The worlds biggest aircraft The Airlander , and it can stay aloft for 3 weeks straight
The world’s longest aircraft is set to take its first test flight in a few days time.
The unique aerodynamic balloon-like shape of the Airlander 10 – which cost $100 million (£60m) to make – can fly for five days straight, carry around 10-tons of cargo and land on water.
Measuring 302ft (92m) in length the new airship is about 60ft longer than the biggest airliners, the Airbus A380 and Boeing 747-8.
It generates lift through being filled with helium and it can travel at a top speed of 92mph.
To put the size of the object into perspective it’s the length of a football pitch and as high as SIX double decker buses.
Its size alone doesn’t make the Airlander a scientific and technological marvel, the fact that it’s capable of hauling tons of cargo and can stay in the air for up to three weeks at a time should certainly catch your attention. But really, that’s not the most impressive aspect of the HAV — the gentle giant is actually capable of staying afloat for all that time completely without a human crew.
It’s been made by Bedford-based Hybrid Air Vehicles, and the designers are also rumored to be planning an even bigger version that will eventually be able to carry 50 tonnes at a time.
Strong enough to withstand even gunfire but completely silent, the Airlander 10 does not contribute in the slightest to pollution, and just may be the future of air travel (and travel as a whole). “You could put a hundred bullet holes in this, and you’d still fly for four or five hours before it became necessary to come back down,” Mike Durham, HAV’s chief engineer, said in an interview with The Verge. “They’re very damage tolerant. I could lose an engine — I could lose three.” And even if the Airlander did need to come back to Earth’s surface, it would do so gracefully, simply floating to safety with one of its four diesel-powered, V8 engines.
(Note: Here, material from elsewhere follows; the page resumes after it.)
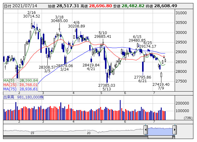 【市況】日経225先物:14日19時=40円高、2万8580円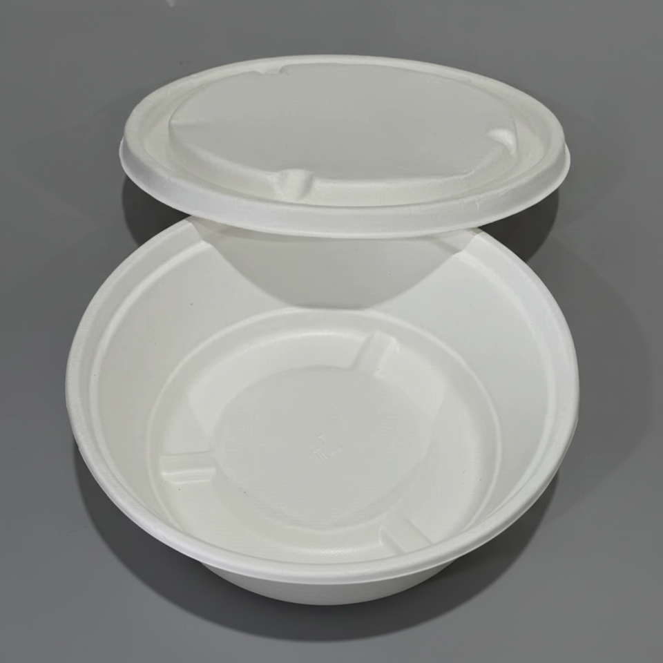 Compostable Bagasse round lid container Eco-Friendly Sugarcane Fiber Container for Hot & Cold Food, Leak-Resistant

The company has received £2.5m of UK government funding to develop the technology and engineering for the project.
Hybrid Air Vehicles anticipate the Airlander 10 will be used for commercial endeavours such as leisure cruises, and for transporting cargo to hard-to-reach places.
The Airlander 10 – which can also stay floating, unmanned, for three weeks even with bullet holes in it – was originally developed from 2009 for the US Army, which abandoned the project.
Company spokesman Chris Daniels told Sky News: “It’s not an airship. It’s a mix between an aeroplane, an airship with a bit of helicopter thrown in.
“It uses the latest materials, it’s got the latest fly-by-night technology, avionics and computer software.
“It’s very much an aircraft for the 21st century.”
But aviation expert David Learmount questioned whether there will be a big demand for it.
He also told the channel The Airlander 10 was “highly specialist” and would not appeal to the “mass market”.